So essentially, if you have 10 million job postings, you end up with 2.5 million job titles which are unique strings. It's very noisy. Why? Because there are ads. And so often you find content that does not describe the occupation. You find things like location, company name, employment type, but you find things also like advertising jargon– needed, wanted, grand opening. And sometimes you find extremely useful information like administrative jargon, like a reference ID on the job posting. So the first thing that a Jobs API does is clean up the mess. And then we standardize the remaining content. So if you have acronyms, abbreviations, we also do contextual disambiguation. And finally, also, we extract the skills and specialties from the job postings and add that to the title. At this point in time, we built high-dimensional vector representations of those titles. The dimension of the vector is essentially the terms and expressions that we have gathered from the titles and the skills extracted from millions of job postings across hundreds of thousands of career websites.

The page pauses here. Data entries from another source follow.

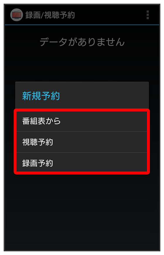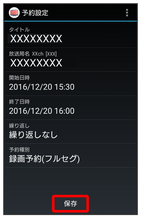 - 録画予約の場合は、「予約種別設定」で「録画予約(フルセグ)」「録画予約(ワンセグ)」を選択できます。
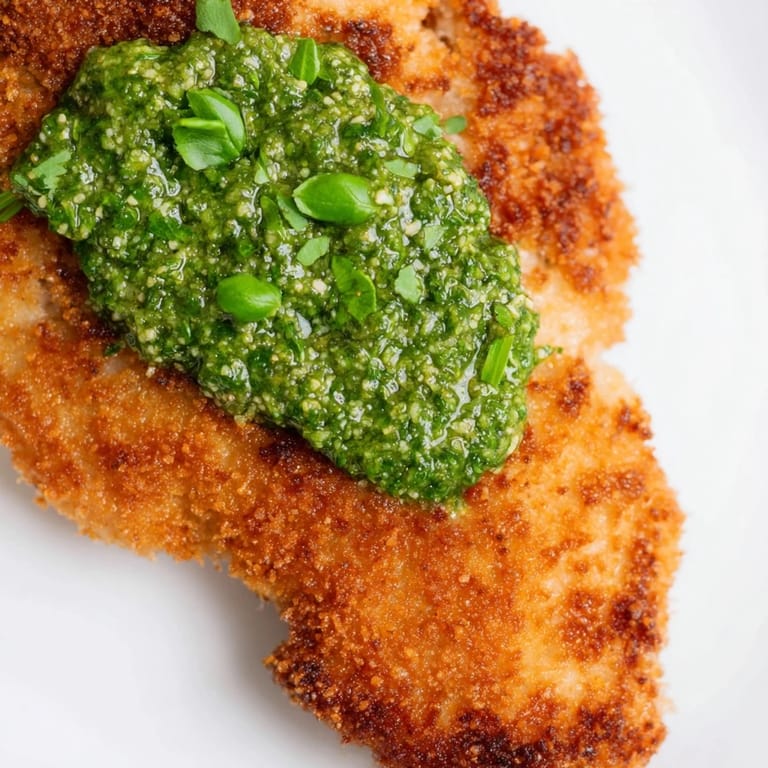 Save to Pinterest The smell of garlic and basil hit me before I even opened the jar of pesto, and I knew this chicken was going to be different. I was tired of bland weeknight dinners, the kind that fill you up but leave no impression. So I grabbed what I had, panko, Parmesan, a little jar of green magic, and decided to see what happened. The sizzle when the first cutlet hit the hot oil was so satisfying I actually laughed out loud.
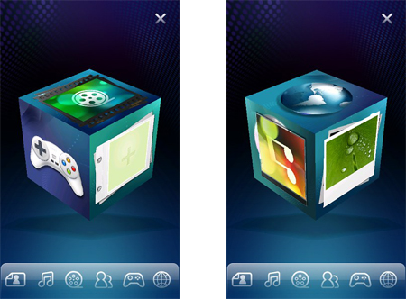 Центральная кубическая кнопка - своеобразный символ того, что в Samsung Omnia II используется Cube-меню. Оно представляет собой трехмерный куб, на 6 гранях которого разместились 5 мультимедийных и одна общеполезная функция - камера, фотоальбом, музыкальный плеер, видеоплеер, игры или веб-браузер и выход в главное меню. ![]()
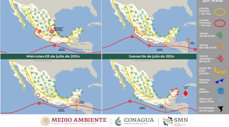Para este miércoles, se pronostican lluvias puntuales torrenciales (de 150 a 250 milímetros [mm]) en Guerrero (oriente), Oaxaca y Chiapas;
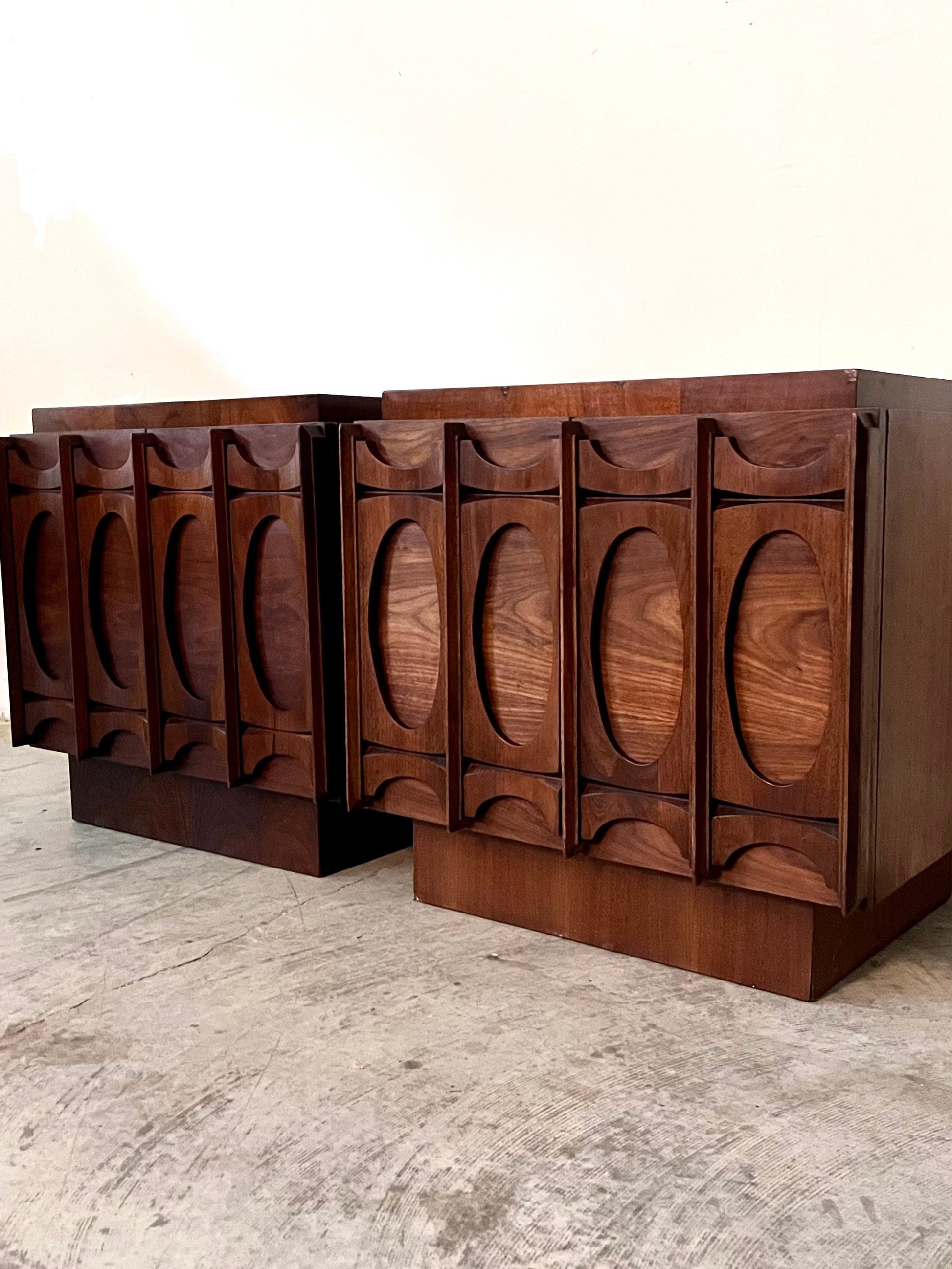 Fantastic pair of nightstands by Tobago Furniture of Canada. Grand proportions, high-quality construction and beautiful materials. Paul Evan’s style brutalist era pattern which adorns the front facades. It’s a timeless mid-century design which offers character to a contemporary space.
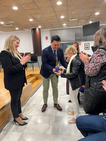 Genoveva Ortíz, fundadora y presidenta de la Asociación Parkinson Mar Menor, que en la actualidad preside de manera honorífica, ha recibido el Premio 8M que concede el Consejo de Igualdad de San Javier, “por ser un ejemplo de superación y actitud positiva ante la vida”. El alcalde de San Javier, José Miguel Luengo fue el encargado de entregar el Premio a Genoveva Ortíz, que lo recibió emocionada rodeada de familiares y amigos en un acto celebrado en el salón de plenos del Ayuntamiento de San Javier.
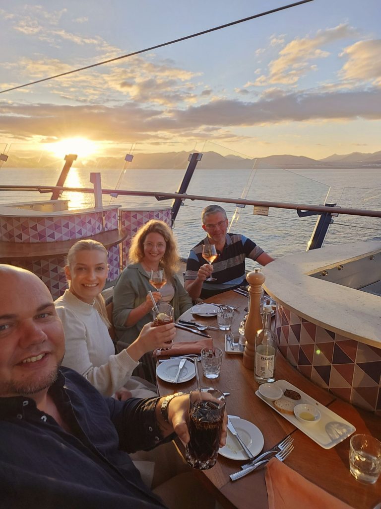 Am Abend wurde es dann besonders schön: Gemeinsam mit unseren zwei Freunden saßen wir auf der Grillterrasse am Heck des Schiffes. Gutes Essen, entspannte Gespräche und ein Sonnenuntergang, der den Himmel in warme Farben tauchte – genau diese Momente machen eine Reise besonders.
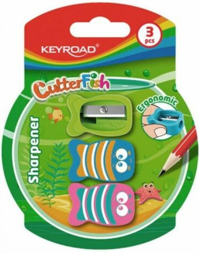 Souprava obsahuje tři samostatná struhadla KEYROAD ve tvaru ryby s otvory na tužku/pastelku o průměru 8 mm.
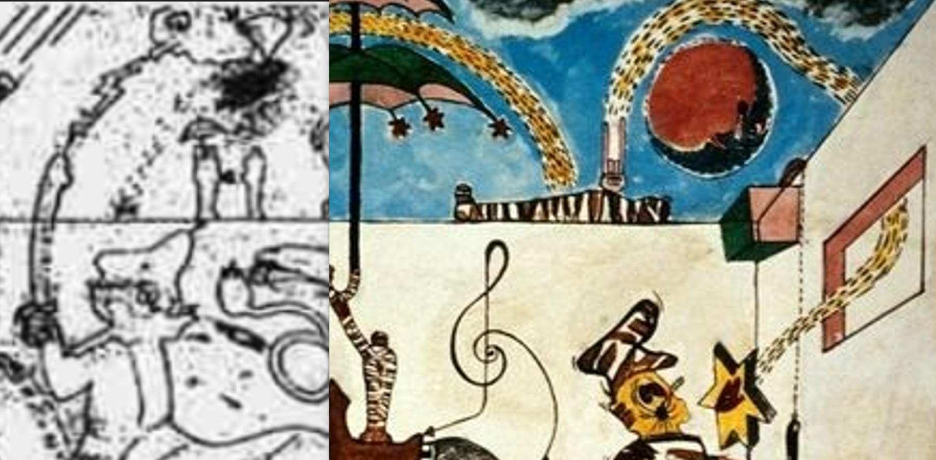 In questo disegno, possiamo cogliere alcuni concetti che il pittore cileno ha espresso in questa scena; e questa sarà la nostra chiave di lettura per interpretare Sogno di Fatascienza.

So now we can use machine learning. At this point in time, we built a classifier. It's an ensemble classifier that is a collection of natural-language-based processing classifiers and the neural nets. And the classifier will attempt at mapping the statement that you are feeding it– so this title string– into zero, one, or more occupations in our title data model. Why zero, you ask? I'm glad you asked. Well, Princess of Darkness– it's a title we have seen. And I use that all the time, so not literal. No, Princess of Darkness. So unless you have some extra information that you have extracted from a job posting, like skills, we must be able to say, I have no clue what to do with that. On the other hand, very often, especially on the query side, especially also with the blue collars and those skills, you don't find very specific titles. Titles tend to be pretty vague. So you must be able– like retail sales or team members or I want to work in warehousing. You must be able to map the query or the titles to not a single node into the ontology but to a multitude of them.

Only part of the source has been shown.